- Opening Delimiter -

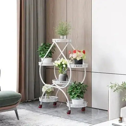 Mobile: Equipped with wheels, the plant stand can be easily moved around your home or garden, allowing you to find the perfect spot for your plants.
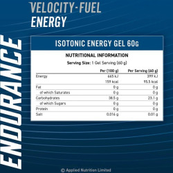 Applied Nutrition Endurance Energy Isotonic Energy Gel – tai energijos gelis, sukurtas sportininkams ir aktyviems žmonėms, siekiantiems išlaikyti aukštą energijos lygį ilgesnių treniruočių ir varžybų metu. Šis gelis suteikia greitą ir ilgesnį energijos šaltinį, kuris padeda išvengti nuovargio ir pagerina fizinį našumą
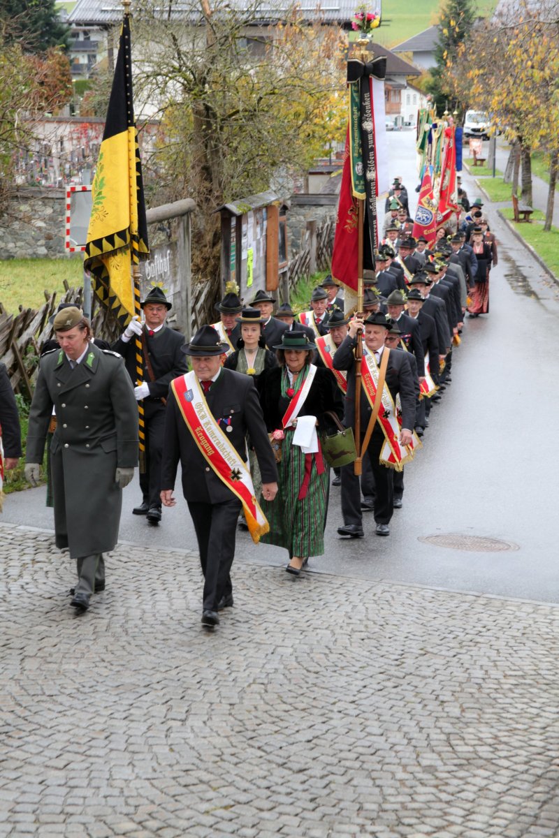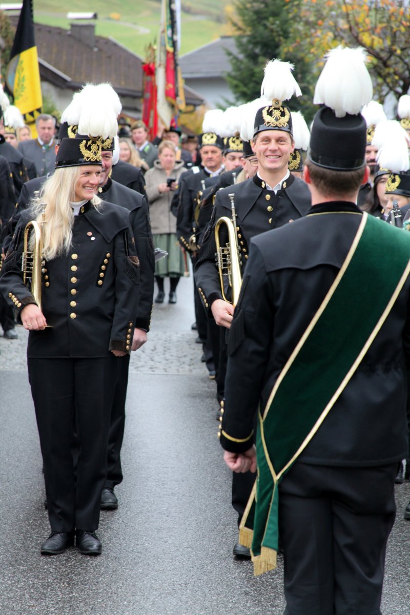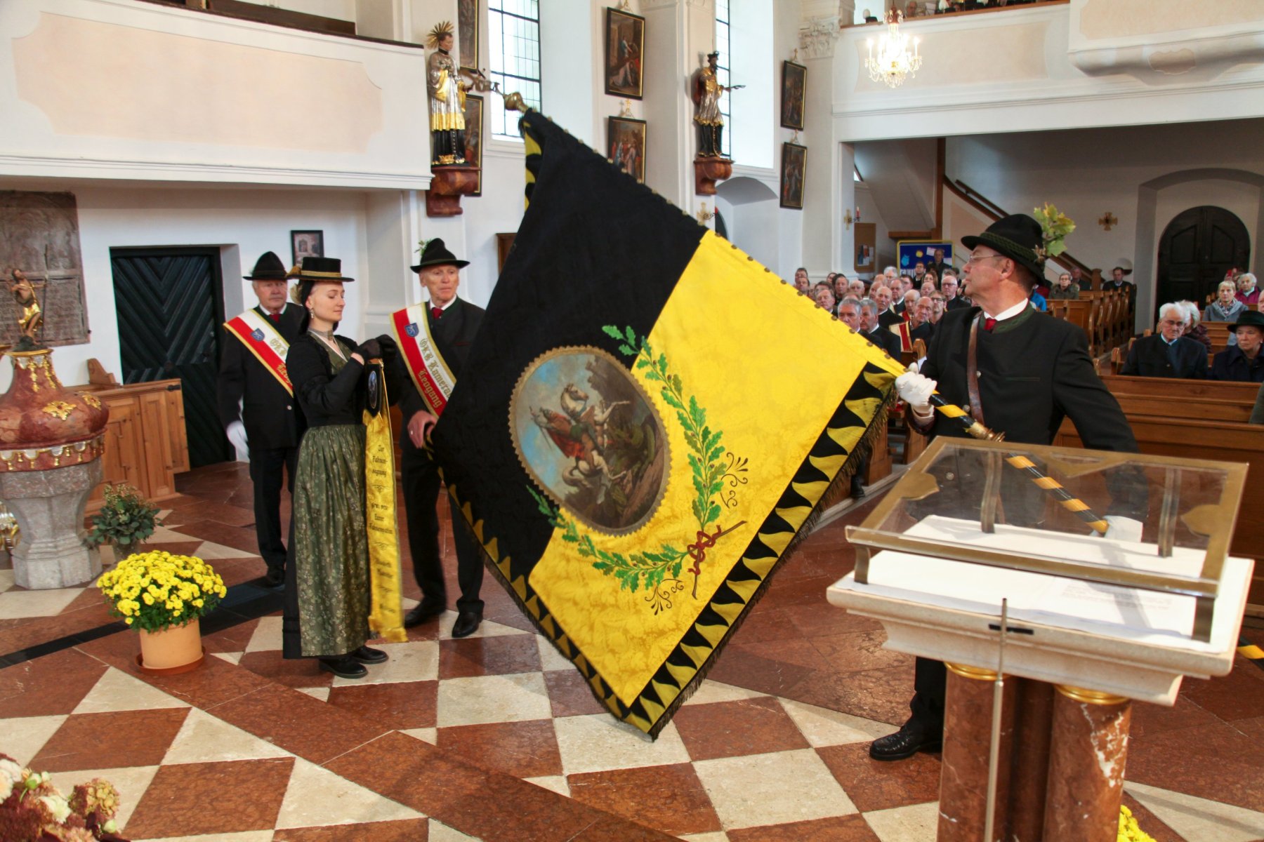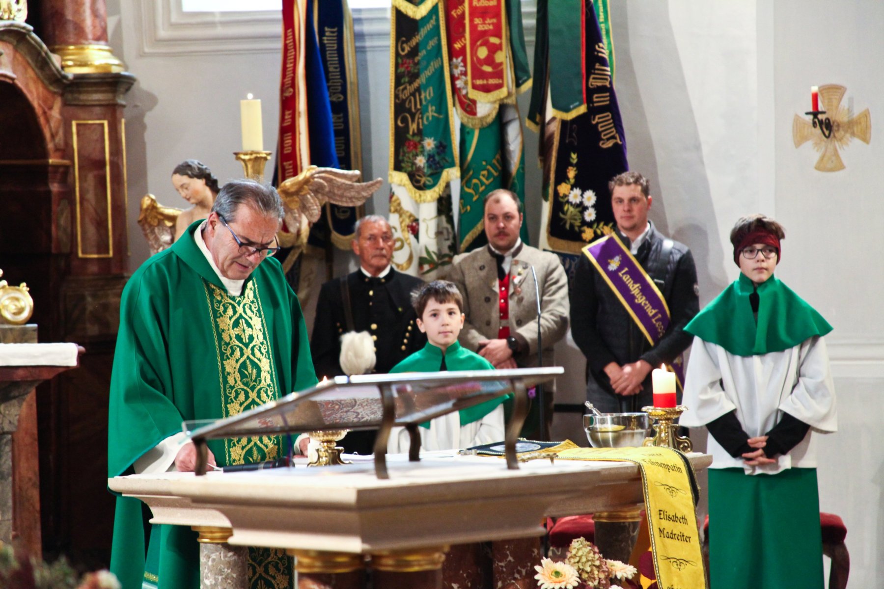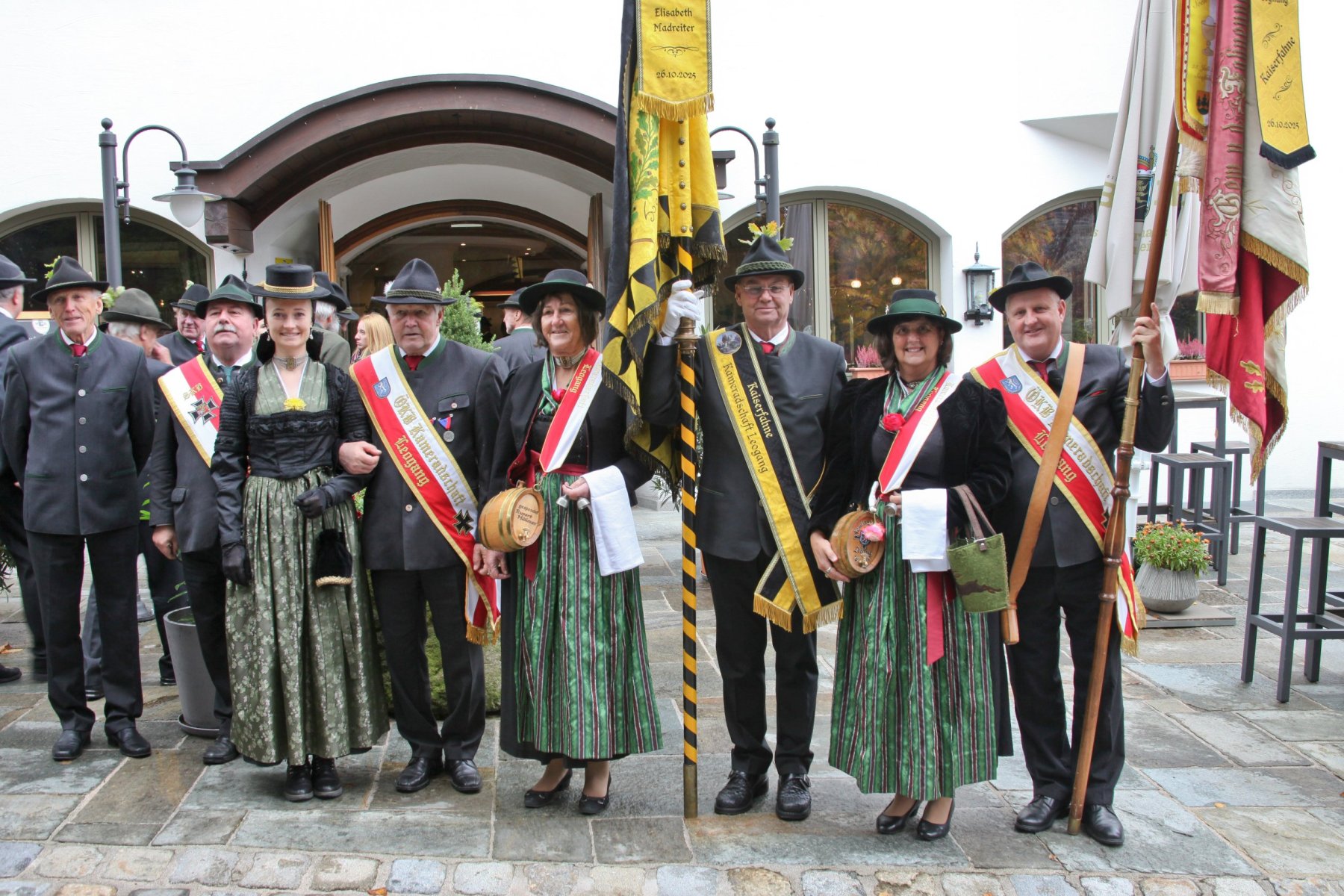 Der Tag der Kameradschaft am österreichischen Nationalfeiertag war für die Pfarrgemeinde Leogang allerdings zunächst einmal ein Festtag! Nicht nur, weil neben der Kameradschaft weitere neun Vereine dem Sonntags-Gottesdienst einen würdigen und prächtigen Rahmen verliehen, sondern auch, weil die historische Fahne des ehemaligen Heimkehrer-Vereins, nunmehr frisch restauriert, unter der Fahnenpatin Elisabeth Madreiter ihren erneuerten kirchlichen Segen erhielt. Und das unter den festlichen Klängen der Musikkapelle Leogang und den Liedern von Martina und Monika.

- Closing Delimiter -
- Opening Delimiter -

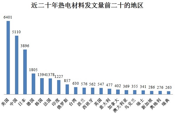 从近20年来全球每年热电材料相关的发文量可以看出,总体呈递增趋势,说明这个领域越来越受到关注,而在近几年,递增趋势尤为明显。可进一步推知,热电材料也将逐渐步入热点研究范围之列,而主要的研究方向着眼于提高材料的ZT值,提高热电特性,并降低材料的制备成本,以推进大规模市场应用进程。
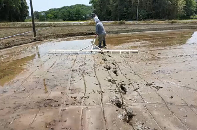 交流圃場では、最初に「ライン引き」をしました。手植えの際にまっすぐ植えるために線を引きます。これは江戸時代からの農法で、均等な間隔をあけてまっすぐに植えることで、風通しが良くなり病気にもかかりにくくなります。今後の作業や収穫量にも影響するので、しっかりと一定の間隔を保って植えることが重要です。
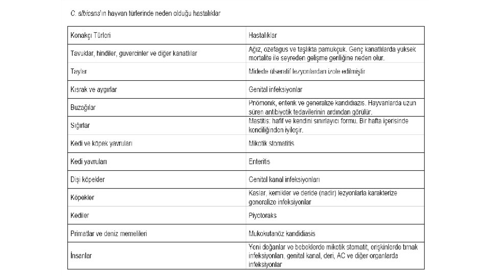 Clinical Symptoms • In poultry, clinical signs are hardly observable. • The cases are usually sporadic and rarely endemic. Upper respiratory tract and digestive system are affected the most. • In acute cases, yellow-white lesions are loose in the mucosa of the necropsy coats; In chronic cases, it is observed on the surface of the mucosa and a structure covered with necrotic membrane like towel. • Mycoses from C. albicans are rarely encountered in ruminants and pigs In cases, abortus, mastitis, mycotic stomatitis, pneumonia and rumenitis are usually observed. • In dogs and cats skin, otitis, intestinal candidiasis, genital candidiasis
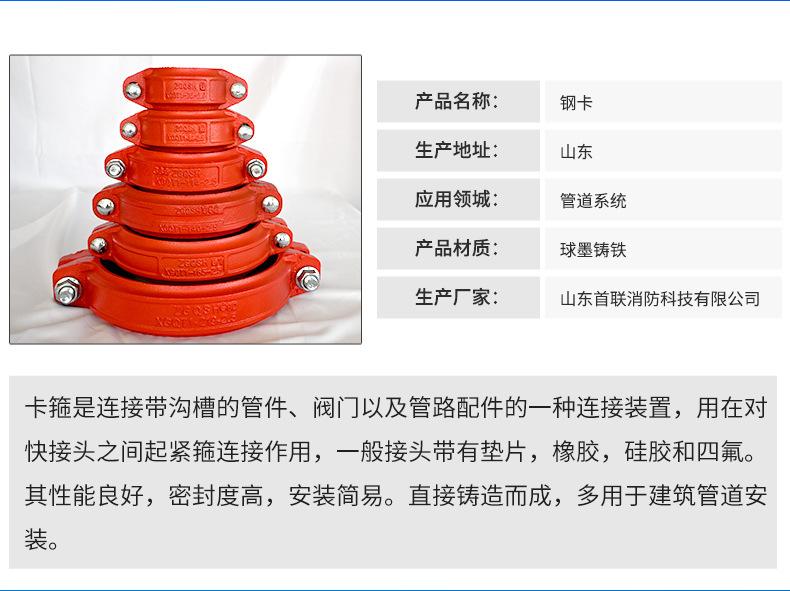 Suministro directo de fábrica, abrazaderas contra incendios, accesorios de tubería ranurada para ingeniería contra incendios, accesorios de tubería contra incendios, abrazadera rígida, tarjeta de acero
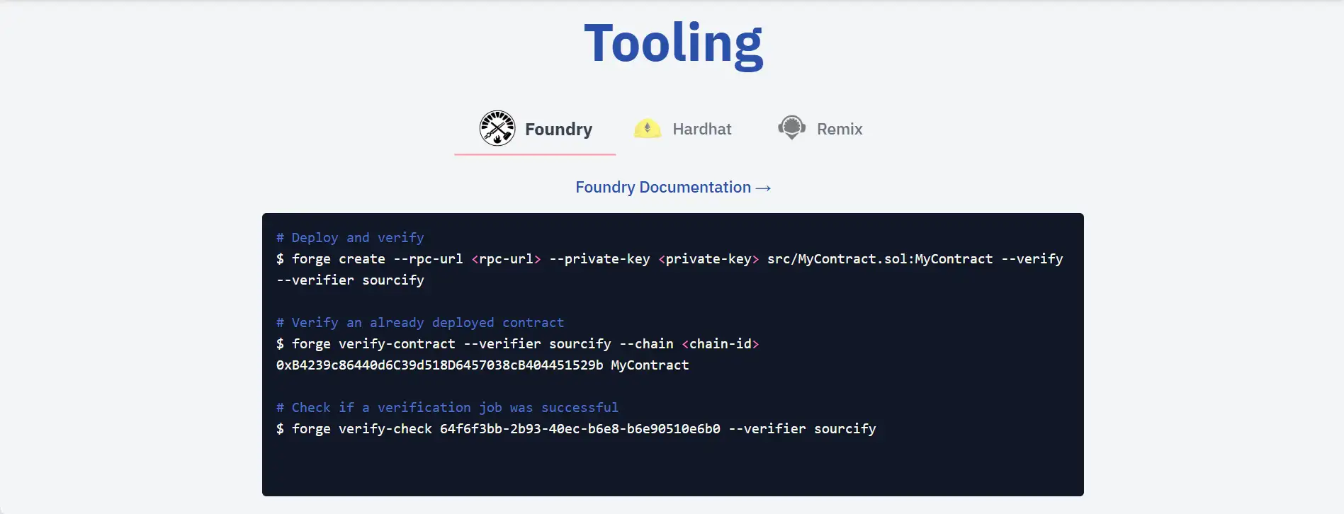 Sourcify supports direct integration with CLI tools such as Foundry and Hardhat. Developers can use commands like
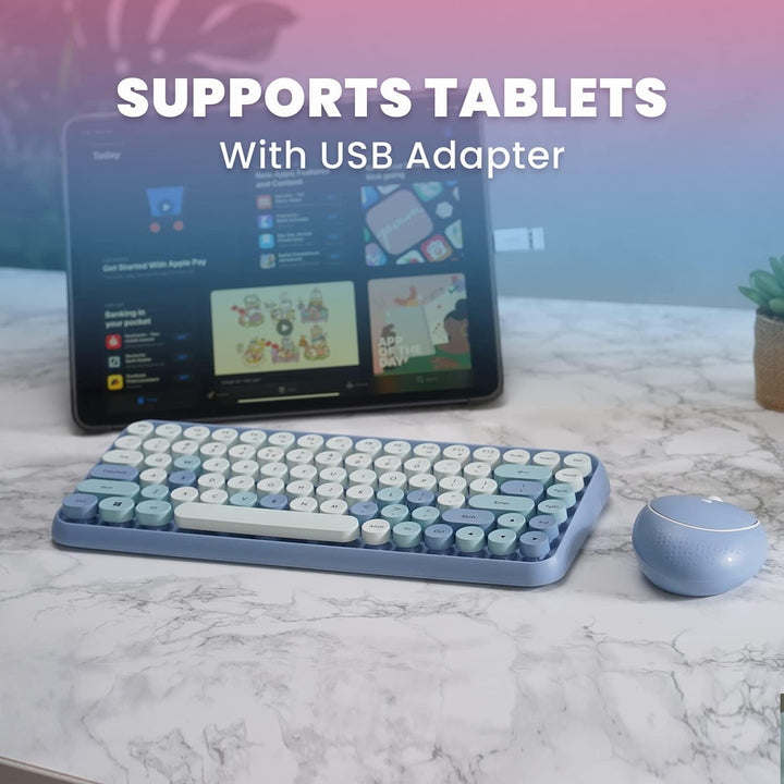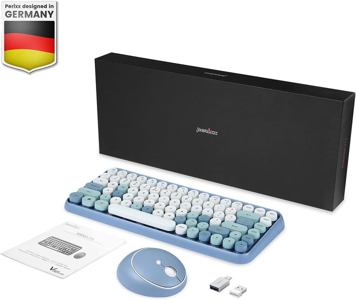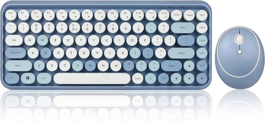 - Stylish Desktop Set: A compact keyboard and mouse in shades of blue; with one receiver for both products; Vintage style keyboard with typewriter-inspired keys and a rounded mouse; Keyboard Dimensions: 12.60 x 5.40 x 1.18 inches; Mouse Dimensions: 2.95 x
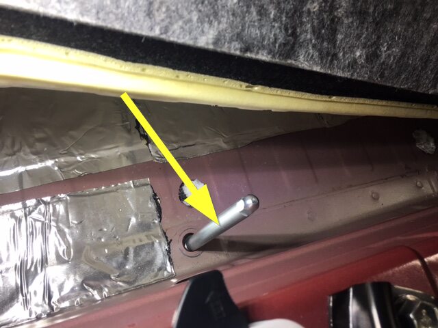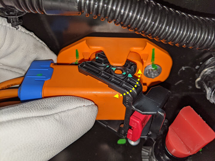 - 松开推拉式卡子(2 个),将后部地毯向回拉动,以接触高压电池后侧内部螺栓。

- Closing Delimiter -
- Opening Delimiter -

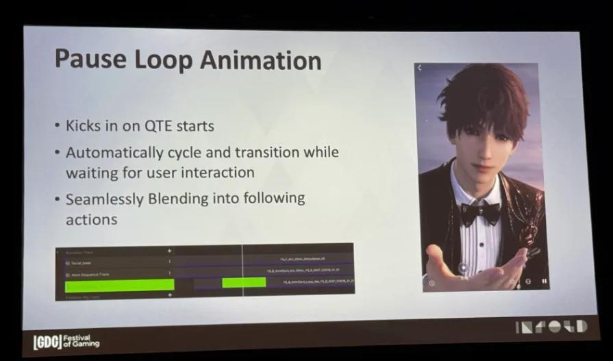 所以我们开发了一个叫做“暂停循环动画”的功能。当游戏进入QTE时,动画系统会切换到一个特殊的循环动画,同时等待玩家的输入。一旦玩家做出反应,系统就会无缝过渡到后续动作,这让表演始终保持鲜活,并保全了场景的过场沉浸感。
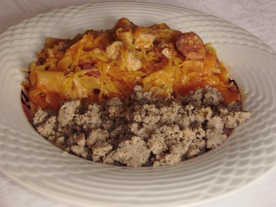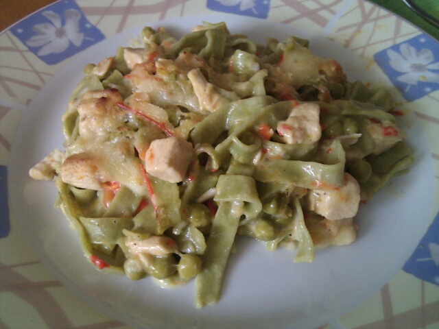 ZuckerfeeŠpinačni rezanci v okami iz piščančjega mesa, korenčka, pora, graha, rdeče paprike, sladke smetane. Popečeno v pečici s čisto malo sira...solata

- Closing Delimiter -

Above, find the line holding "Clinical Symptoms •" and the line holding "Suministro directo de". Print exactly those two lines and every line between them, but no pictures.

§ **Task answer**:
 Clinical Symptoms • In poultry, clinical signs are hardly observable. • The cases are usually sporadic and rarely endemic. Upper respiratory tract and digestive system are affected the most. • In acute cases, yellow-white lesions are loose in the mucosa of the necropsy coats; In chronic cases, it is observed on the surface of the mucosa and a structure covered with necrotic membrane like towel. • Mycoses from C. albicans are rarely encountered in ruminants and pigs In cases, abortus, mastitis, mycotic stomatitis, pneumonia and rumenitis are usually observed. • In dogs and cats skin, otitis, intestinal candidiasis, genital candidiasis
 Suministro directo de fábrica, abrazaderas contra incendios, accesorios de tubería ranurada para ingeniería contra incendios, accesorios de tubería contra incendios, abrazadera rígida, tarjeta de acero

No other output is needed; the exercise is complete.